This morning I spent some time calling CQ on 40 meters, clearly upsetting more than one "fellow ham". The reason being, I was transmitting on USB.
(some mil gear does not transmit on LSB, as most of you know)
I suppose these people who assume you are on the "wrong" sideband probably have no idea why it is customary to use LSB on 75 and 40 and USB on the higher frequencies. If they were to study a bit of amateur history, they would come to find out that the earliest home-brew transmitters used a mixing scheme that, by default, only worked LSB on the lower frequencies, and USB on the others. At that point in time, there were no commercial rigs (appliances) with those little USB LSB buttons.
Of course it is not a regulation to comply with the customary procedure. It might have been prudent for them to come back and question why you were on USB. Your situation is very similar to why we have that LSB/USB custom.

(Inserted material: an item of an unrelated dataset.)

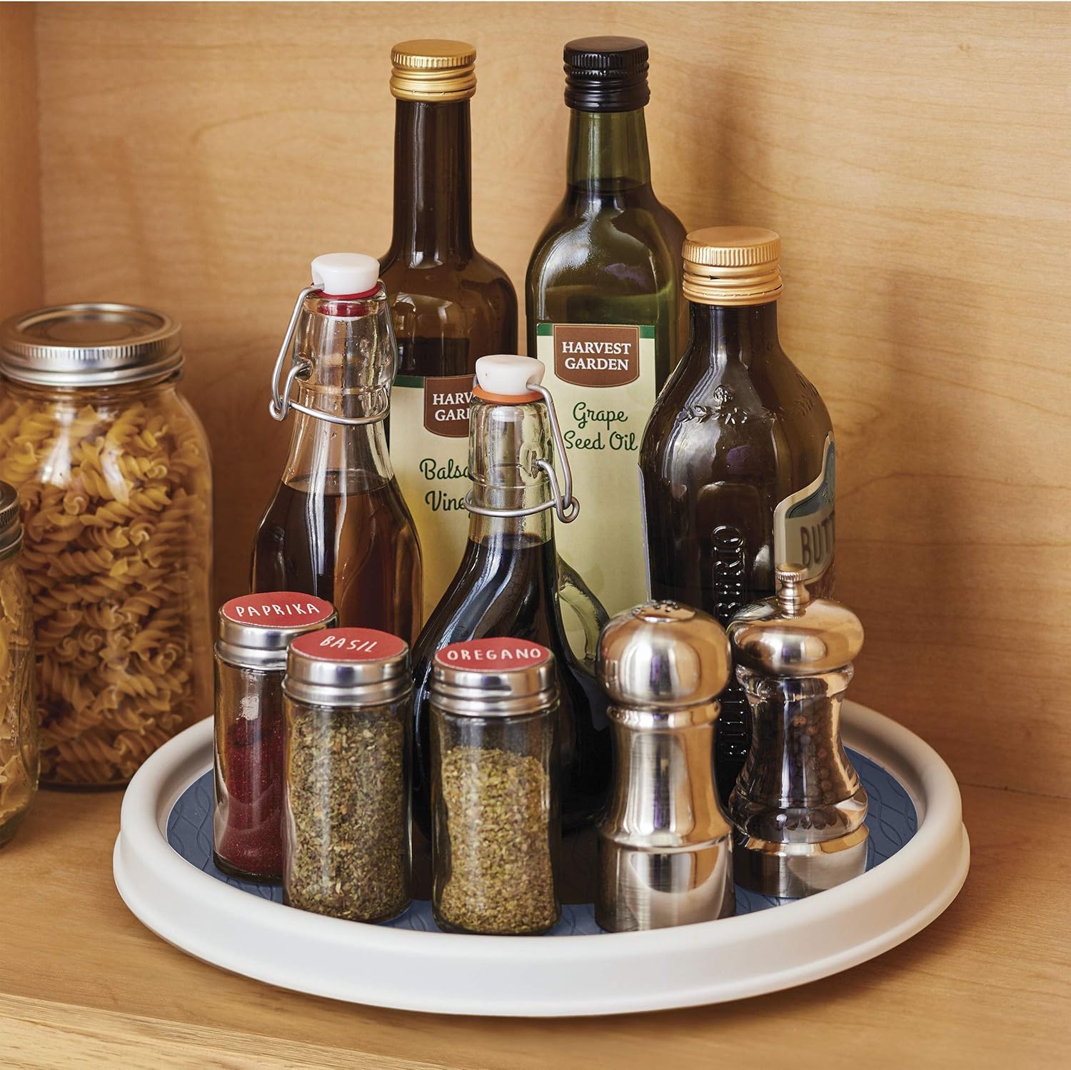 Copco Basics Non-Skid Pantry Cabinet Lazy Susan Turntable, 12-Inch, White/Steel Blue

I guess the masses also do not understand why sometimes we transmit on both sidebands, and fail to properly suppress our carrier. Well, during the AM Rally two weeks ago, I found it a pleasure to be able to use my SDR to select either sideband, when there was some QRM on the alternate sideband. But when there was no QRM, synchronous AM detection was able to eliminate distortion due to selective fading. But that only works if all the folks in the round-table are close to zero-beat on the frequency. I suppose zero-beating is a lost art too.
I did not intend to hijack your thread, but it is ironic how the uninformed and uneducated become the self-appointed unofficial "Official Observers".
Have fun with that military gear. It is great to bring it back to life and recollect how it was originally used and just how long ago that was!